For minor corrections, such as typo fixes, small refactoring, or updates to documentation/comments, filing an issue is not typically necessary. What constitutes a "minor" fix involves discretion; however, examples include:

  • Correcting spelling mistakes
  • Minor code refactoring
  • Updating or editing documentation and comments

Nevertheless, there may be instances where, upon reviewing your pull requests, we might request an issue to be filed to facilitate discussion on broader design considerations.

Visit our Issues page on GitHub to search and submit.

Coding Convention

Contributions from developers across corporations, academia, and individuals are welcome. However, participation requires adherence to fundamental ground rules:

  • Code must strictly adhere to the established C coding style (refer to the guidelines below). While there is some flexibility in basic style, it is crucial to stick to the current coding standards. Complex algorithmic constructs without proper comments will not be accepted.
  • External pull requests should include thorough documentation in the pull request comments for consideration.
  • When composing documentation, code comments, and other materials in English, please adhere to the American English (en_US) dialect. This variant should be considered the standard for all documentation efforts. For instance, opt for "initialize" over "initialise" and "color" rather than "colour".

Software requirement: clang-format version 18 or later.

This repository consistently contains an up-to-date .clang-format file with rules that match the explained ones.

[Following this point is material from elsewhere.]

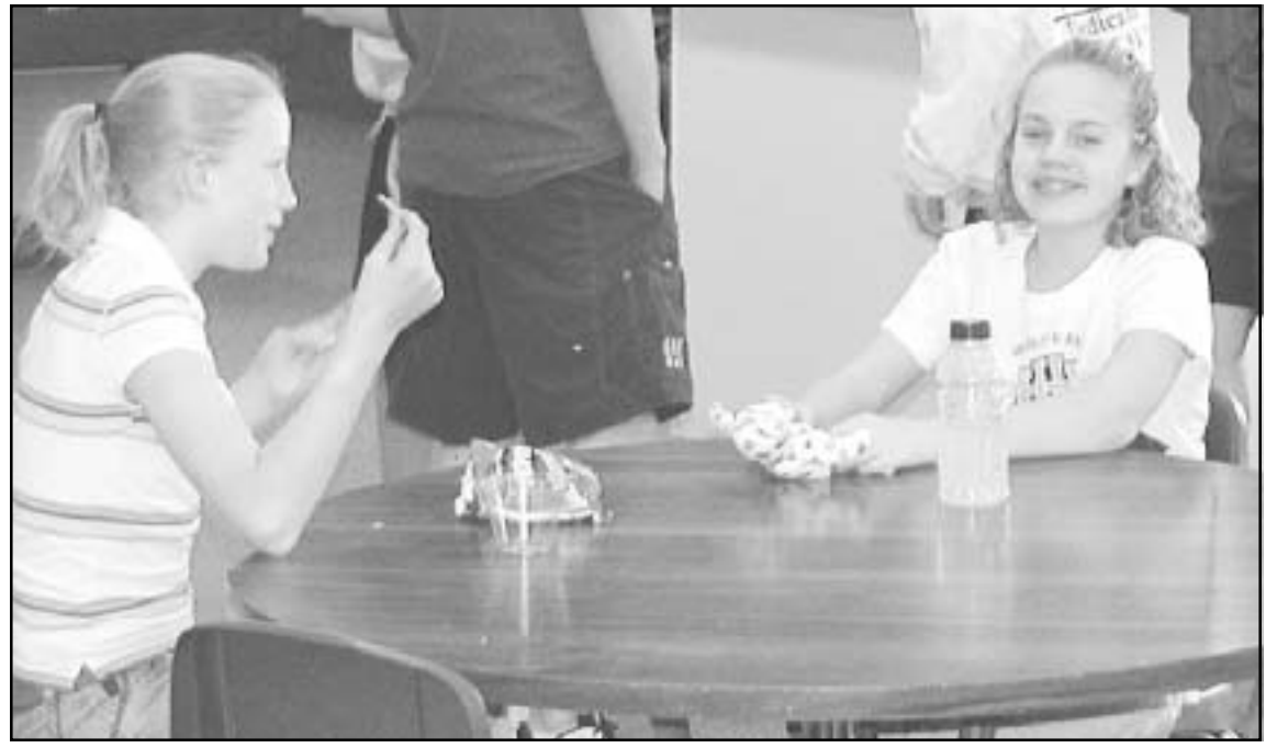
Two young guests enjoyed some refreshments at the Goodland Activities Center open house Saturday. More than 80 people visited the center to celebrate its 20 years of service to the community.

For maintaining a uniform coding style, execute the command clang-format -i *.{c,h}.

Coding Style for Modern C

This coding style is a variant of the K&R style. Adhere to established practices while being open to innovation. Maintain consistency, adopt the latest C standards, and embrace modern compilers along with their advanced static analysis capabilities and sanitizers.

Indentation

In this coding style guide, the use of 4 spaces for indentation instead of tabs is strongly enforced to ensure consistency. Always apply a single space before and after comparison and assignment operators to maintain readable code. Additionally, it is crucial to include a single space after every comma. e.g.,

for (int i = 0; i < 10; i++) {
    printf("%d\n", i);
    /* some operations */
}

The tab character (ASCII 0x9) should never appear within any source code file. When indentation is needed in the source code, align using spaces instead. The width of the tab character varies by text editor and programmer preference, making consistent visual layout a continual challenge during code reviews and maintenance.

Line length

All lines should typically remain within 80 characters, with longer lines wrapped as needed. This practice is supported by several valid rationales:

  • It encourages developers to write concise code.
  • Smaller portions of information are easier for humans to process.
  • It assists users of vi/vim (and potentially other editors) who use vertical splits.
  • It is especially helpful for those who may want to print code on paper.

Comments

Multi-line comments should have the opening and closing characters on separate lines, with the content lines prefixed by a space and an asterisk (*) for alignment, e.g.,

/*
 * This is a multi-line comment.
 */

/* One line comment. */

Use multi-line comments for more elaborate descriptions or before significant logical blocks of code.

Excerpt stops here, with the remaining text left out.